A saída de Gianpiero Lambiase da Red Bull Racinga anunciada na quinta-feira (09), levantou dúvidas sobre o futuro de Max Verstappen na Fórmula 1, e seu pai, Jos Verstappen comentou o tema pela primeira vez. O ex-piloto também abordou a antiga declaração do filho, que em 2021 afirmou que poderia deixar a categoria caso o engenheiro deixasse a equipe.
O anúncio da transferência de Lambiase para a McLaren, previsto para acontecer após o término de seu contrato com a Red Bull no final de 2027, rapidamente gerou especulações sobre o impacto na carreira de Verstappen.

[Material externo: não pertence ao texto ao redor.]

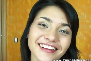 Petite Little Brunette Stretches Her Filled Pussy - Young Libertines
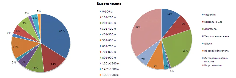 Основной процент установленных столкновений (34%) приходится на высоты 0-100 метров, а это, соответственно, взлёт, первоначальный набор высоты, заход на посадку, посадка — т. е. достаточно энергичные вертикальные манёвры. Полёт же на устоявшейся малой высоте в 10-20 (высота именно двигателей «Луня») метров составляет 10 процентов от диапазона риска.
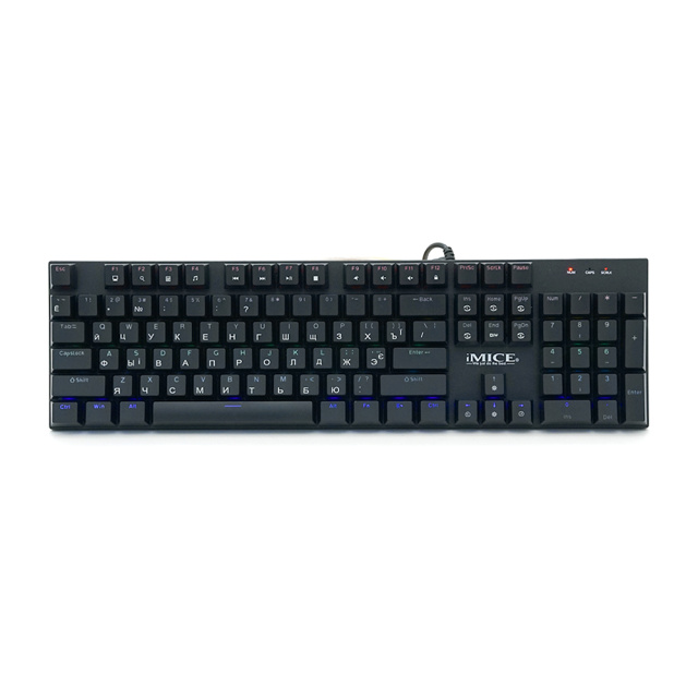 Клавиатура iMICE GK600 USB представляет собой компактное устройство в черном цвете с английской раскладкой и 104 клавишами. Ее длина кабеля составляет 100 см.
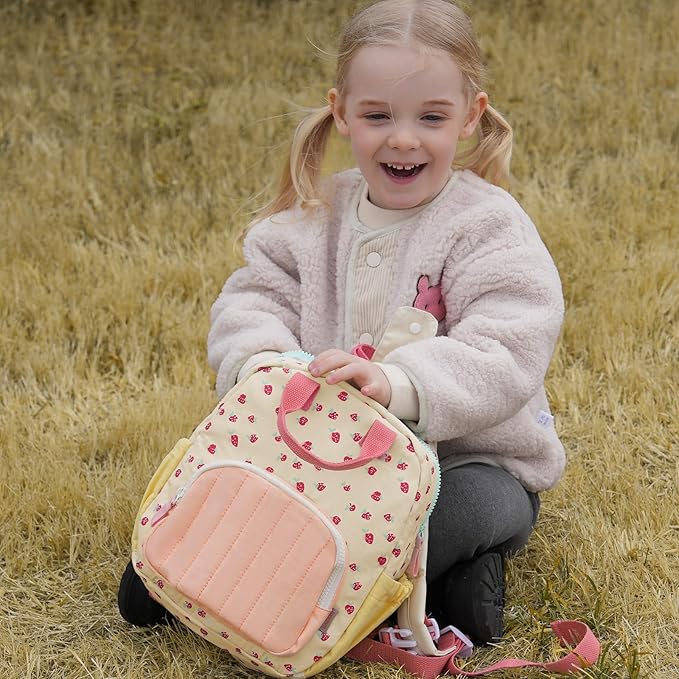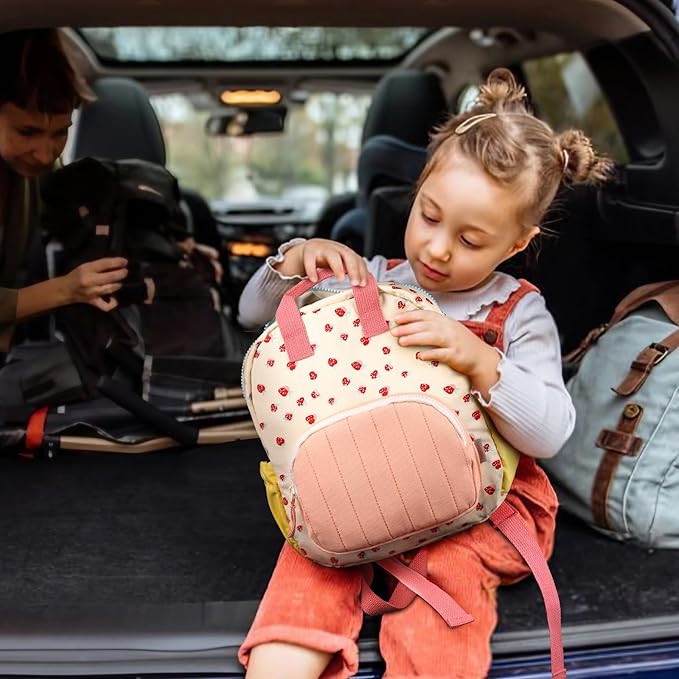 • 🍓【Attractive mini kids backpack】:GAGAKU kids backpack is made of high quality cotton-polyester blend, Made of high quality and harmless materials, it is comfortable and lightweight, so that children can carry it with more peace of mind,personalised backpack for girl boy with pink strawberry print, easy to clean, 11x9x3.5inch, 0.72pounds, perfect for girl aged 2 to 5 years old.
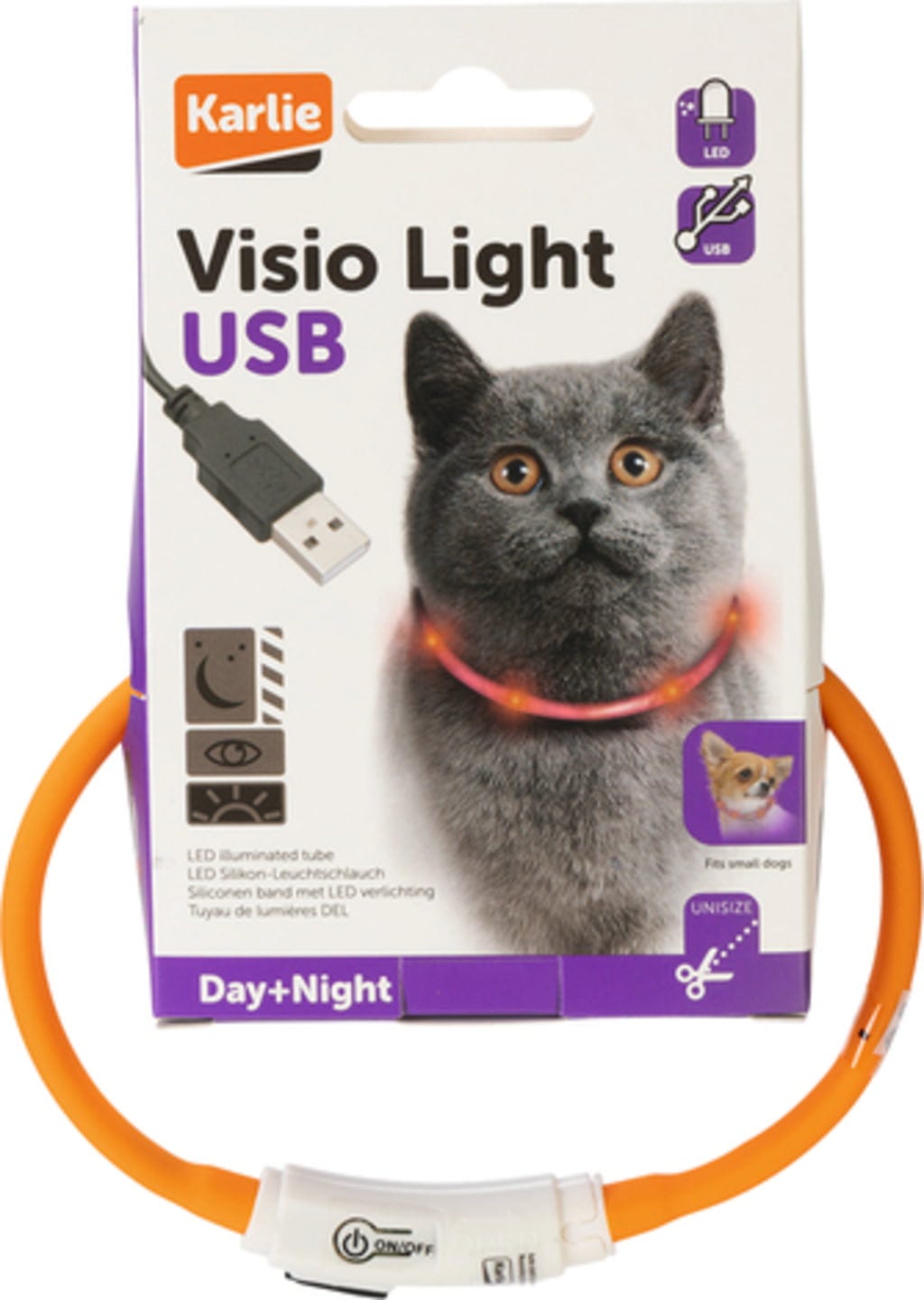 Collier Lumineux LED Visio Light de Karlie éclaire efficacement l’obscurité et assure une excellente visibilité de votre chat d’extérieur en cas de faible luminosité – jusqu’à une portée impressionnante de 500 mètres. Résistant aux éclaboussures, ce collier est équipé d’une batterie Li-Ion rechargeable à l’aide d’un câble USB. Il n’est donc pas nécessaire d’utiliser des piles.
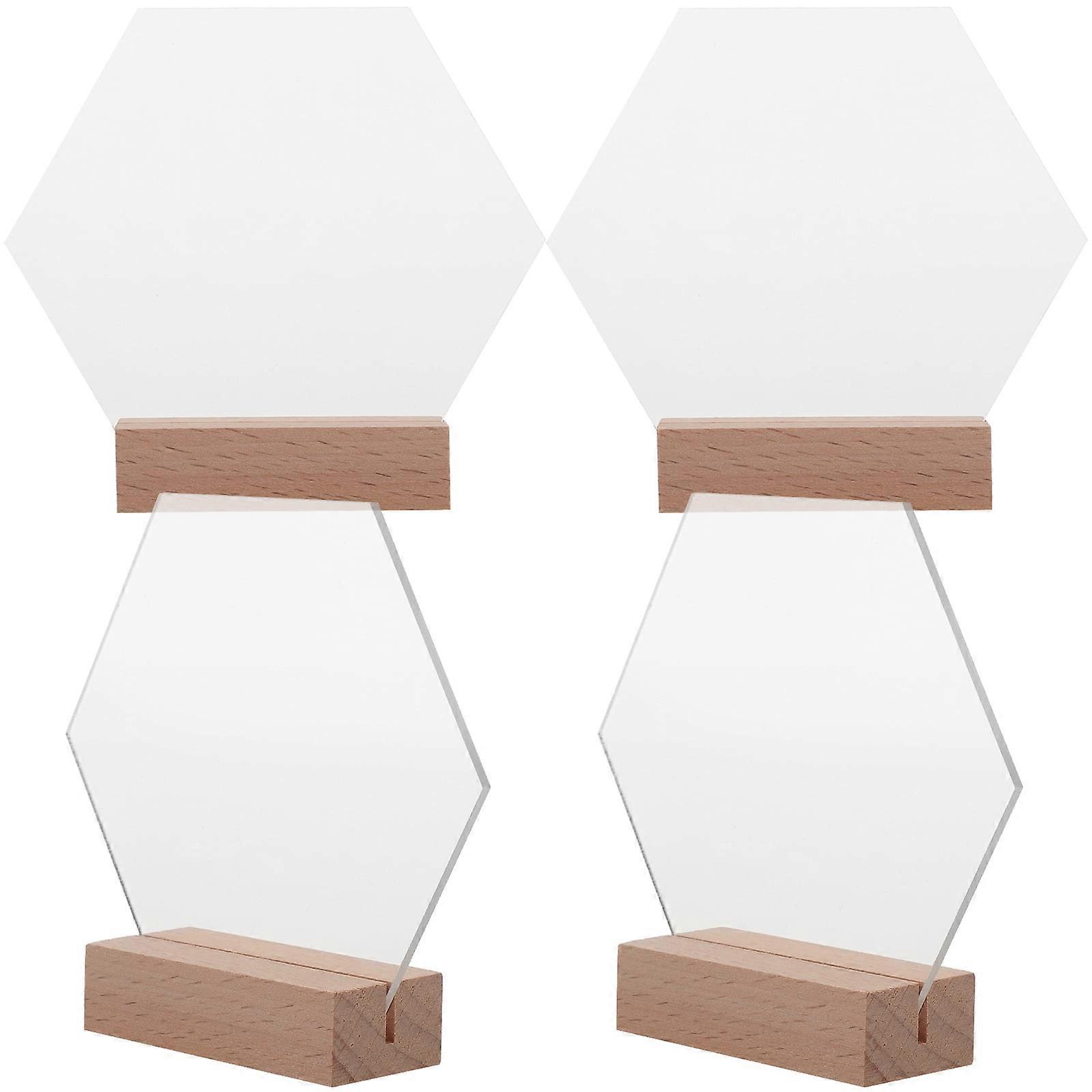 4 Pcs Emblems Acrylic Plaque with Holder Blank Hexagon Acrylic Sign Transparent Table Card Round Wedding Wood Acrylic
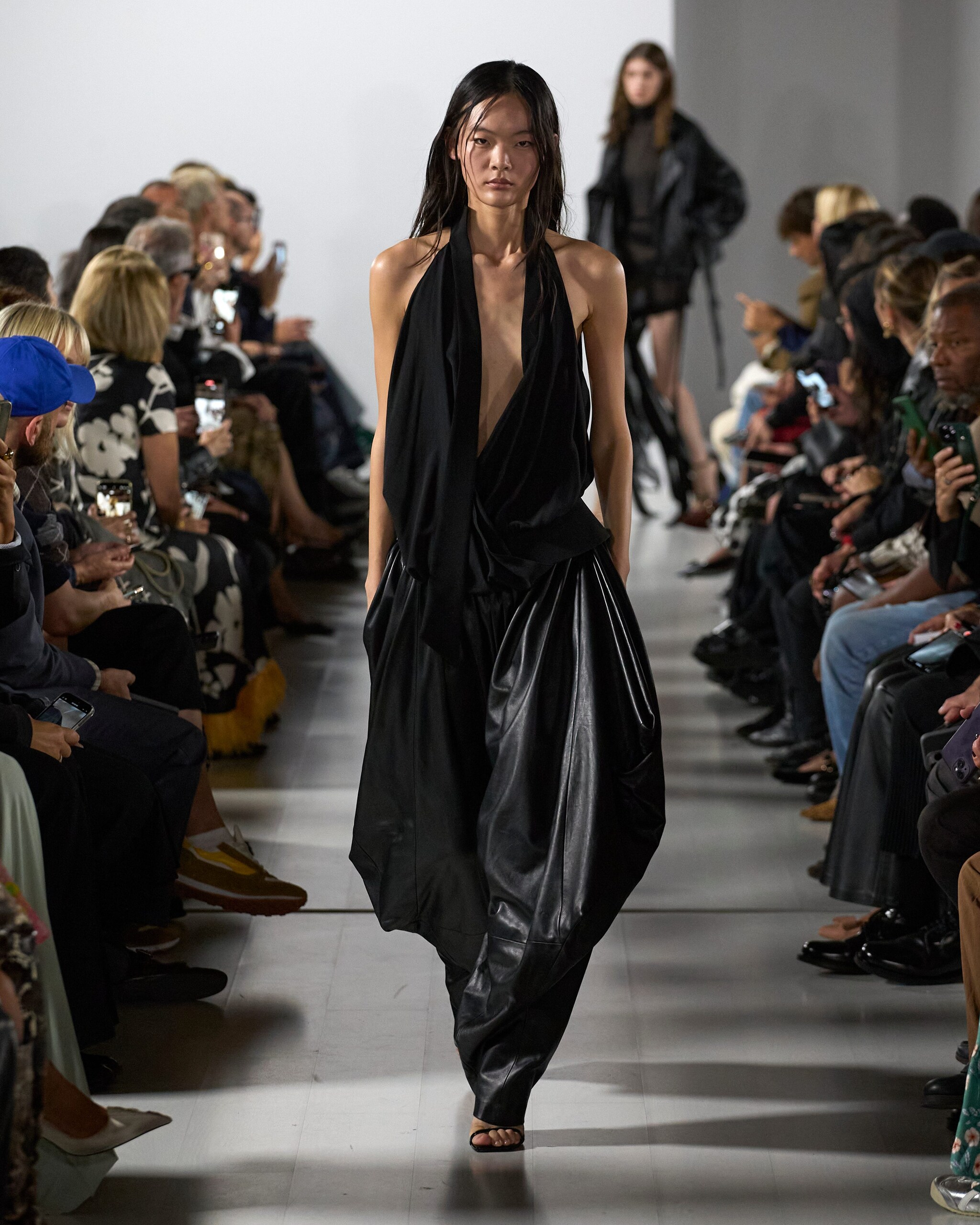 Morbidi drappeggi e abiti asimmetrici, candidi look color panna, suits oversize e completi in pelle sfilano alla Milano Fashion Week sulla passerella Primavera/Estate 2026 di Francesco Murano
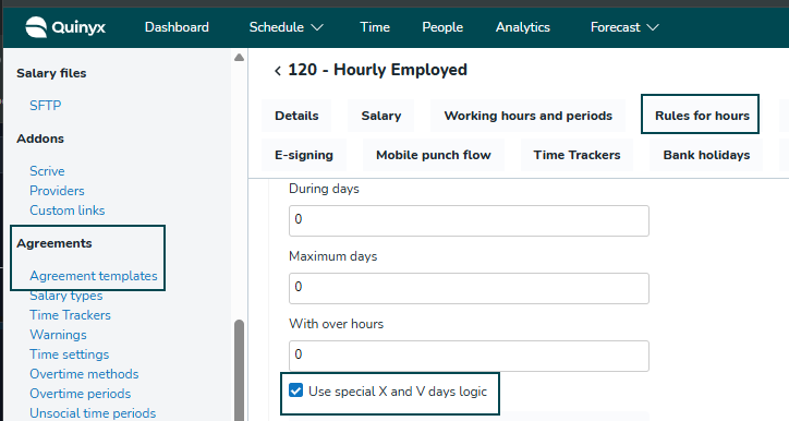 - Ga naar de sectie Regels voor uren.
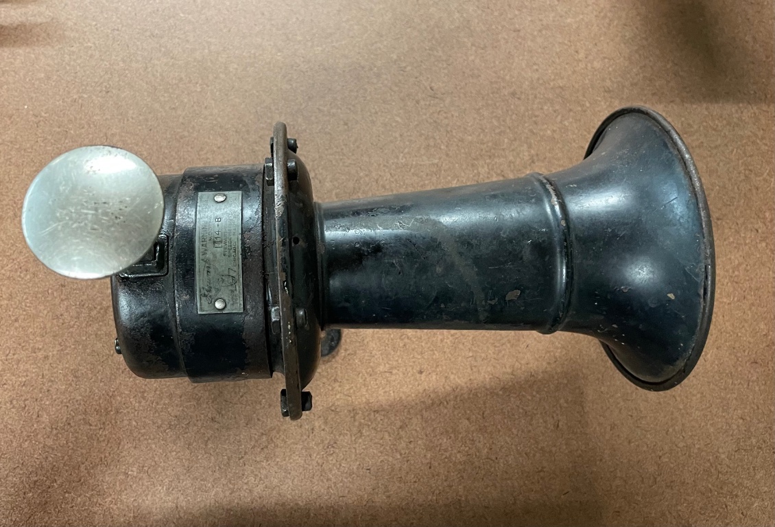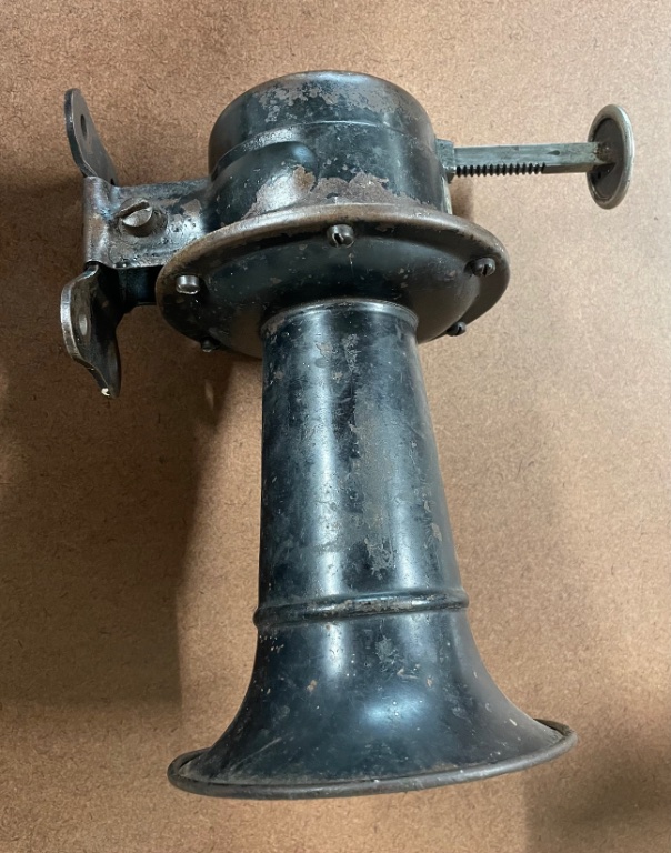 Mid to late teens Stewart Warner hand operated Horn, needs some adjustment for good sound, plunger does not return after pressed, you must pull it back up. It seems to have been built that way. Nice piece with a factory mounting bracket.
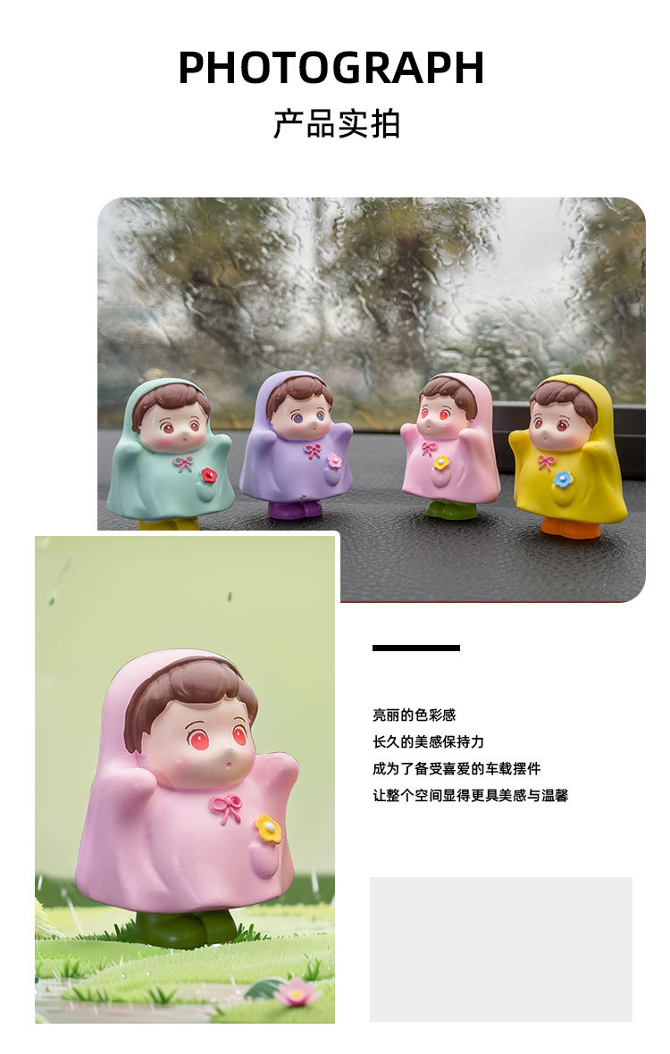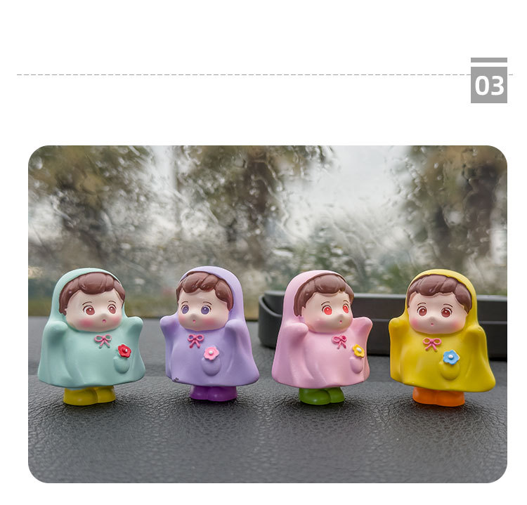 자동차 미니 귀여운 스크린 콘솔 장식품 작은 비옷 인형 자동차 장식 자동차 선물
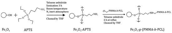 By this method, I. Barandiaran et al. [65] grafted a poly(methyl methacrylate-b-ε-caprolactone) (PMMA-b-PCl) diblock copolymer to the surface of Fe2O3 MNPs to prepare thin-film nanocomposites with poly(styrene-b-ε-caprolactone) (PS-b-PCl). They employed the ATRP polymerization technique to prepare a PMMA-b-PCl copolymer (21,000 g/mol) presenting terminal chlorine groups. MNPs were silanized with 3-aminopropyltryethoxysilane (APTS).

A forte parceria entre piloto e engenheiro foi peça fundamental nos quatro títulos do holandês.
Segundo Jos, a mudança já era conhecida internamente: “Sabemos há algum tempo, e também sabíamos quando aconteceria”, disse ao RaceXpress. “Ainda temos um ano e meio, dois anos para trabalhar com ele. É uma grande oportunidade para ele e entendemos isso. Também dissemos que Gianpiero deveria fazer isso e aproveitar com as duas mãos. O resto depende da Red Bull para substituí-lo. Vamos ver”.
Após conquistar seu primeiro título na Fórmula 1, Max Verstappen chegou a afirmar que poderia deixar a categoria caso Lambiase saísse. Agora, Jos acredita que o cenário é diferente: “Acho que as coisas mudaram. Especialmente depois de quatro títulos, eles conquistaram muito juntos. O resto depende do Max, mas acho que ele simplesmente vai continuar”, afirmou.

Mesmo assim, o futuro do tetracampeão segue em aberto, especialmente por conta das regras atuais da Fórmula 1. Jos destacou que o filho tem refletido sobre a continuidade na categoria e que o prazer de pilotar já não é o mesmo: “É louco que GT3 seja mais agradável de correr do que a Fórmula 1. Antigamente era o contrário. Todos os pilotos de GT3 estavam desesperados para sentir como era a Fórmula 1, mas hoje isso é difícil de encontrar”.
O ex-piloto também demonstrou descontentamento pessoal com o rumo da categoria: “Como piloto, também gosto menos. Às vezes estou assistindo e desligo a TV porque me interessa menos. Não é a Fórmula 1 que a Fórmula 1 representa”, acrescentou.
Para Jos, a categoria se tornou mais uma disputa técnica do que de habilidade: “Agora vejo mais como uma competição de engenharia, onde o piloto tem que aliviar muito e não pode mais fazer a diferença. Acho isso uma pena na Fórmula 1”, concluiu, citando que limitações, especialmente relacionadas ao gerenciamento de energia, dificultam a atuação dos pilotos nas pistas.